HClO(aq) + H_2O(l) \xrightleftharpoons[] H_3O^+(aq) + ClO^−(aq) K_a = \frac{[ClO^−][H_3O^+]}{[HClO]} = 2.9×10^{−8}

Setting up a reaction table (Table 1) with x = [HClO]_{\text{dissoc}} = [ClO^−] = [H_3O^+]:

Making the assumption: K_a is small, so x is small compared with [HClO]_{\text{init}}; therefore, [HClO]_{\text{init}} − x ≈ [HClO]_{\text{init}}, or 0.40 M − x ≈ 0.40 M. Substituting into the K_a expression and solving for x:

K_a = \frac{[ClO^−][H_3O^+]}{[HClO]} = 2.9×10^{−8} ≈ \frac{(x)(x)}{ 0.40}Thus,

x^2 = (0.40)(2.9×10^{−8})

x = \sqrt{(0.40)(2.9×10^{−8})} = 1.1×10^{−4} M = [HClO]_{\text{dissoc}}

Finding the percent dissociation:

\text{Percent dissociation }= \frac{[HClO]_{\text{dissoc}}}{[HClO]_{\text{init}}} × 100 = \frac{1.1×10^{−4} M}{0.40 M} × 100 = 0.028\%

Since the percent dissociation is <5%, the assumption is justified.
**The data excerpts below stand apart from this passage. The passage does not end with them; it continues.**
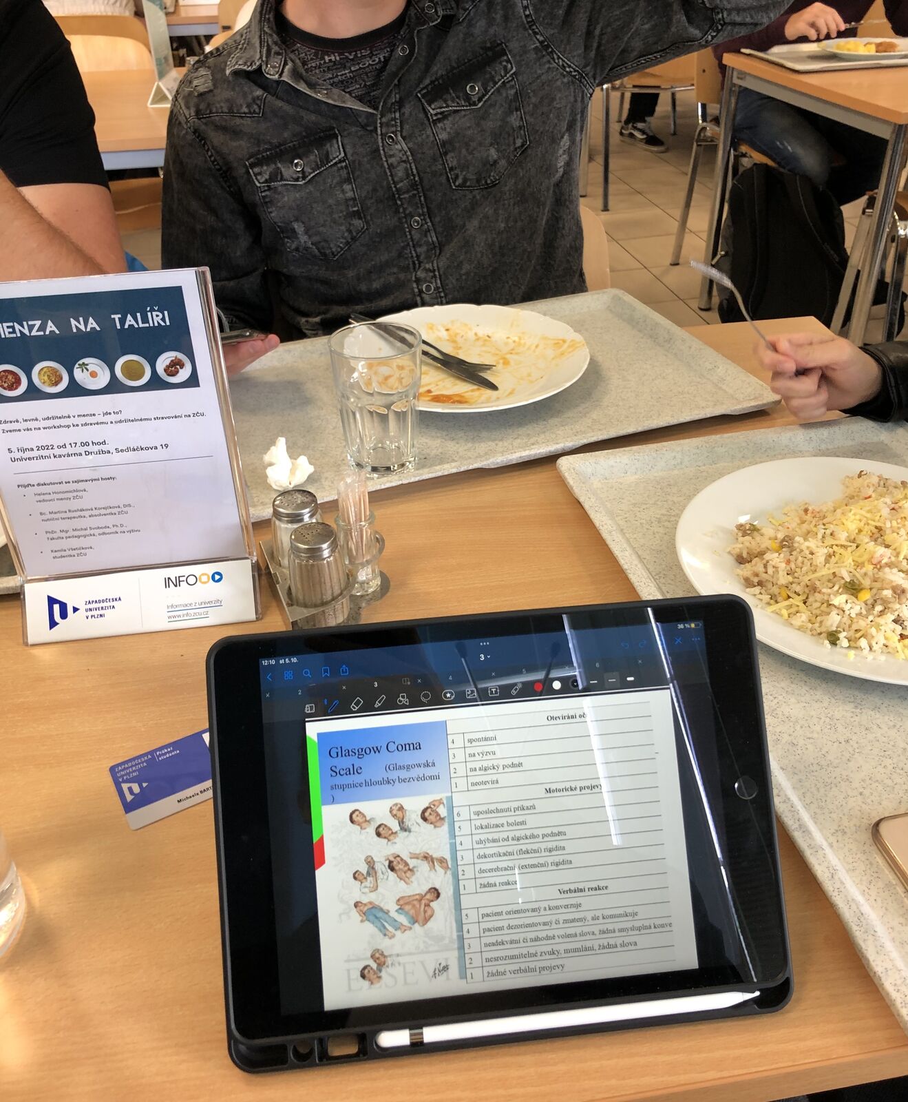 V kavárně Fakulty aplikovaných věd má Libor Víta sraz se sestrou, která ho doučuje počítání příkladů ze Statistického zpracování dat. Daniel Duda od 12:05 vyučuje předmět Tekutiny a teplo. „Dnes na programu první věta termodynamická a odvození Mayerových vztahů pro ideální plyn, vztahu pv^κ=konst. a ukázka Maxwelových vztahů mezi parciálními derivacemi jednotlivých TD veličin,“ pokouší se ho přiblížit.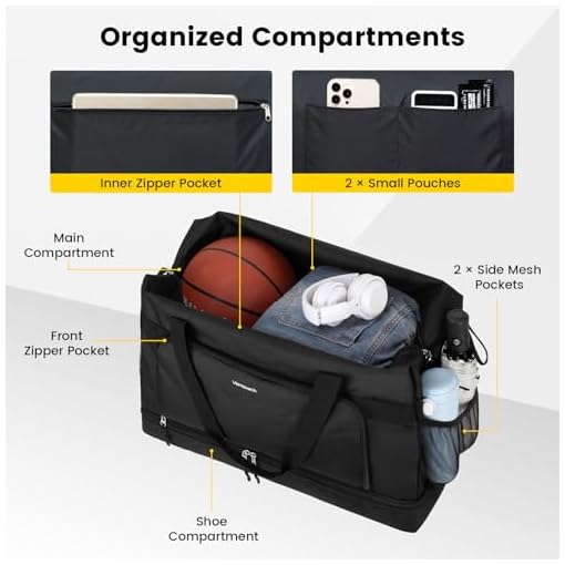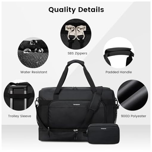 Vorspack Duffle Bag for Travel – 50L Travel Duffel Bags with Toiletry Bag Large Gym Bags for Men Sports Overnight Weekender Bag with Shoe Compartment – Black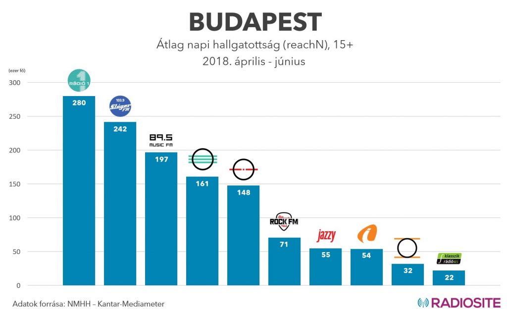 Budapesten az átlagos napi hallgatószám tekintetében első helyen áll a Rádió 1 (280 ezer hallgató naponta), második a Sláger FM (242 ezer), harmadik a Music FM, 197 ezer fős hallgatótáborával. A Petőfi Rádió 161 ezer, a Kossuth Rádió 148 ezer embert ér el napi szinten a fővárosban. Követi őket 100 ezernél kevesebb hallgatóval a Rock FM 95.8 (71 ezer fő), a Jazzy Rádió (55 ezer fő), és az Inforádió (54 ezer hallgató). Nem éri el az ötvenezer napi hallgatót a Bartók Rádió (32 ezer fő), illetve a Klasszik Rádió (22 ezer fő).

**(b)** Performing the same calculations using [HClO]_{\text{init}} = 0.035 M:

K_a = \frac{[ClO^−][H_3O^+]}{[HClO]} = 2.9×10^{−8} ≈ \frac{(x)(x)}{0.035}

x = \sqrt{(0.035)(2.9×10^{−8})} = 3.2×10^{−5} M = [HClO]_{\text{dissoc}}

Finding the percent dissociation:

\text{Percent dissociation }= \frac{[HClO]_{\text{dissoc}}}{[HClO]_{\text{init}}} × 100 = \frac{3.2×10^{−5} M}{0.035 M} × 100 = 0.091\%

Since the percent dissociation is <5%, the assumption is justified.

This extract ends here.